UNITED STATES COURT OF APPEALS FOR THE SIXTH CIRCUIT
Jul 30, 2020
966 F.3d 521 (6th Cir. 2020)

Opinion

No. 18-6121

07-30-2020

Fred ROBINSON, Johnny Gibbs, and Ashley Sprague, on behalf of themselves and all others similarly situated, Plaintiffs-Appellees, v. Jeff LONG, Commissioner of the Tennessee Department of Safety and Homeland Security, in his official capacity, Defendant-Appellant.


On Petition for Rehearing En Banc

ORDER

The court received a petition for rehearing en banc. The original panel has reviewed the petition for rehearing and concludes that the issues raised in the petition were fully considered upon the original submission and decision. The petition then was circulated to the full court. Less than a majority of the judges voted in favor of rehearing en banc.

Therefore, the petition is denied.

COLE, Chief Judge, dissenting.

DISSENT

I respectfully dissent from the denial of rehearing en banc. Our court erred when it decided Fowler v. Benson , 924 F.3d 247 (6th Cir. 2019), which condoned Michigan’s practice of stripping thousands of indigent residents of their driver’s licenses. And we err again here when, instead of revisiting Fowler ’s holding as an en banc court, we allow Tennessee’s practice of doing the same.

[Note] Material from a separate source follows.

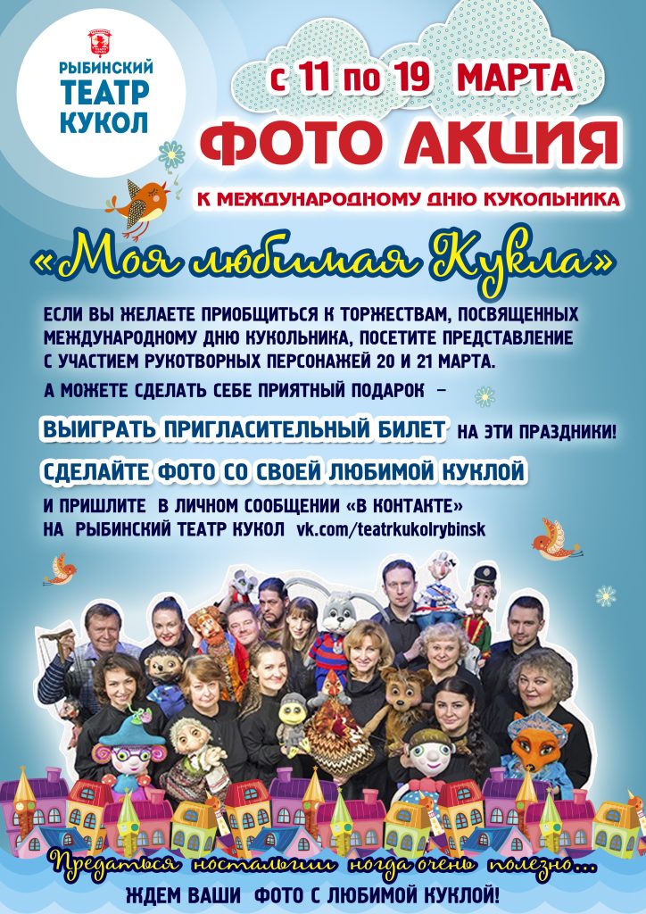 ФОТО АКЦИЯ «МОЯ ЛЮБИМАЯ КУКЛА», посвященная Международному дню кукольника проходит с 11 по 19 марта. Сделайте фото со своей любимой куклой и пришлите в личном сообщении «В Контакте» на Рыбинский театр кукол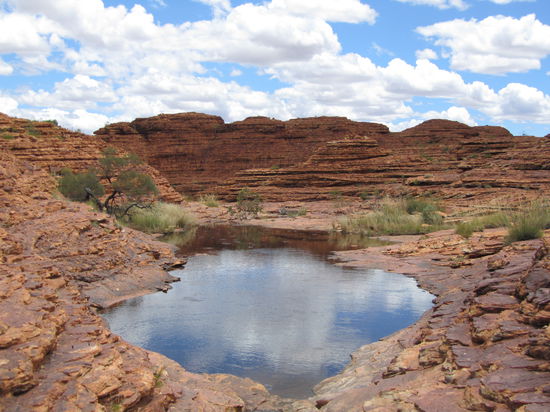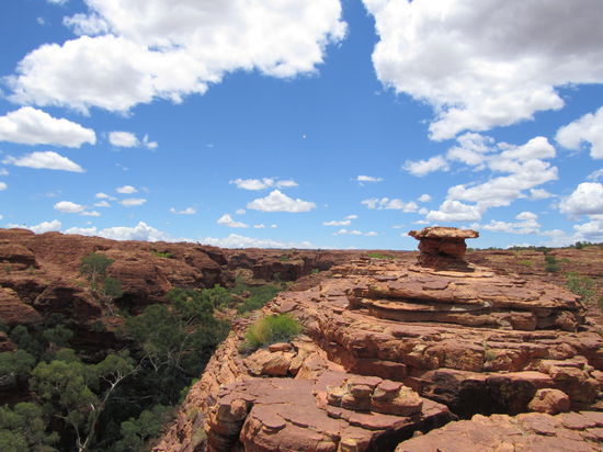 Hier haben wir den Kings Canyon Rim Walk gemeistert. Einen 6,5km langen Wanderweg über die Felsen am Rande der Schlucht.

The Fowler majority said that a state’s "choice to wield the cudgel of driver’s-license suspension for nonpayment of court debt" was a permissible means to "heighten[ ] the incentive to pay." 924 F.3d at 263. But this cruel cudgel is unconstitutional as applied to the class of plaintiffs in this case, which consists only of Tennessee drivers who cannot now, and could not at the time of their license suspension, afford to pay their debt. Offering this class the opportunity to pay a fine or have their license taken away is an "illusory choice," as the class members are, by definition, without the means to pay. See Williams v. Illinois , 399 U.S. 235, 242, 90 S.Ct. 2018, 26 L.Ed.2d 586 (1970).

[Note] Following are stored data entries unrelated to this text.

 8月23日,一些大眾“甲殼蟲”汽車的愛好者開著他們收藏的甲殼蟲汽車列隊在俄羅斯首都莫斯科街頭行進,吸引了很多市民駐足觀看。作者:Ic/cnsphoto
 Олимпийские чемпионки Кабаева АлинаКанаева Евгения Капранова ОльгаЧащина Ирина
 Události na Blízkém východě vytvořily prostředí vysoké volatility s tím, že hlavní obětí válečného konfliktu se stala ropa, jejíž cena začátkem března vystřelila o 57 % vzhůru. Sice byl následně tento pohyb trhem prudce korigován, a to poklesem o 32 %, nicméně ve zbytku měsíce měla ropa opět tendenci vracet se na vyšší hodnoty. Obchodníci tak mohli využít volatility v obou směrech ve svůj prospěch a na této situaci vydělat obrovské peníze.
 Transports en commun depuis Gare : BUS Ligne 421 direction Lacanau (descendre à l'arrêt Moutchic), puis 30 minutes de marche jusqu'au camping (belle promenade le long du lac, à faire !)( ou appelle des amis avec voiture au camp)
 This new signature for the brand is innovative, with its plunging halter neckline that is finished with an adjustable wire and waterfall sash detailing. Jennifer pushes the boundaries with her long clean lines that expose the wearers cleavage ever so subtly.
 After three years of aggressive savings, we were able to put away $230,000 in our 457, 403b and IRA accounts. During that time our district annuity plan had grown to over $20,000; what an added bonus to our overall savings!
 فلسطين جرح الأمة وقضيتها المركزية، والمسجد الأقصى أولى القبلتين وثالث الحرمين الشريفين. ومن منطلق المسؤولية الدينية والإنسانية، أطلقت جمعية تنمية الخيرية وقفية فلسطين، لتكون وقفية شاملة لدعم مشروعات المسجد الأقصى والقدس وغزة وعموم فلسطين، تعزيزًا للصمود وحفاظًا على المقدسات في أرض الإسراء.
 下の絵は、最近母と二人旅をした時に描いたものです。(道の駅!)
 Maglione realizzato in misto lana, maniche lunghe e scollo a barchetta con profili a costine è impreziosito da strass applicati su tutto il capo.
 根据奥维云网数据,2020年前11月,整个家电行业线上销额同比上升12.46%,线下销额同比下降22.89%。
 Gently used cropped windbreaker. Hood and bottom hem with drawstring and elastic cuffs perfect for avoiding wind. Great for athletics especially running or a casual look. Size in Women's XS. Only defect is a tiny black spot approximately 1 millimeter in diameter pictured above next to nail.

The Constitution does not permit states to inflict harsher punishment on indigent people simply because they are unable to pay. See, e.g. , Tate v. Short , 401 U.S. 395, 396–99, 91 S.Ct. 668, 28 L.Ed.2d 130 (1971) (holding imprisonment of an indigent driver for failure to pay traffic debt unconstitutional); Williams , 399 U.S. at 242, 90 S.Ct. 2018 (holding imprisonment of an indigent defendant due to his failure to pay a fine unconstitutional); Griffin v. Illinois , 351 U.S. 12, 13–14, 19, 76 S.Ct. 585, 100 L.Ed. 891 (1956) (plurality) (holding that preventing an indigent defendant from appealing his conviction due to his failure to pay for a trial transcript is unconstitutional). License-suspension schemes flout this prohibition when they allow residents with the means to pay a fine to keep their driver’s licenses despite having committed driving infractions, while suspending the licenses of indigent persons who commit those same infractions.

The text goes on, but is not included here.